Drug and Ligand Binding (Functional Genomics and Interactome)
The study of molecular interactions is an exponentially growing area in the field of structure-function relationships of biologically important molecules. On the molecular level, biological activity corresponds to the binding of a substrate, inhibitor, drug (low molecular weight) to a macromolecular receptor, usually a protein.
CD is the ideal technique to determine the binding affinity and the ability to monitor a wide spectral region (140-700nm) enables the researcher to choose the appropriate region. The advantage of CD spectroscopy is that it measures the molecular binding affinity directly, without labelling or immobilising any of the ligand/receptor components and using small amounts of material.
Protein Folding
The function and activity of a protein depends primarily on its 3D structure.
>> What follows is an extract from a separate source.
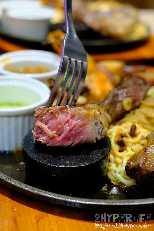 如果稍微覺得不夠熟,也可以放在旁邊的石頭上面炙燒一下,這塊真的很燙,不要想要用手指測試溫度我知道很多朋友吃飯都很故意,那烤焦的是自己的手指不是牛排囉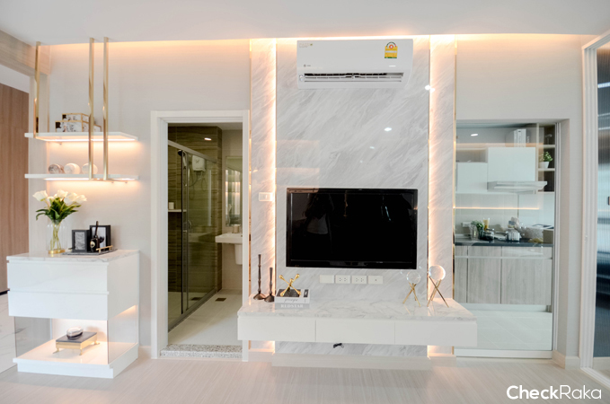 ฝั่งตรงข้ามจะเป็นจุดติดตั้งทีวี ซ้ายมือเป็นประตูเข้าห้องน้ำ และขวามือเป็นประตูครัวค่ะ

The understanding of protein folding dynamics is a prerequisite for modelling confidently the native protein structure from the amino-acid sequence. Crystallisation condition induces conformation to samples of interest and understanding the changes may lead to better crystallisation procedure. The combination of simulated and observed electronic CD, vibrational CD and ROA spectra is going to be a powerful tool to address correctly the protein folding.
Nucleic Acids
There is a growing interest in the structure-function relationship of nucleic acids with ligands, in particular for anti-cancer and anti-viral applications.
Material Science
Nanoparticles are widely used as possible candidates in biosensor and drug delivery. Little is known of its properties on adsorbed samples. Possible conformational changes due to sample adsorbed on the surface can now be monitored by SRCD due to its highly collimated microbeam. This allows highly adsorbing nanoparticles to be monitored of any changes to the sample it is adsorbed on. This is useful in determining if there is any effect on toxicology properties of the adsorbed sample as well as possible use as biosensor.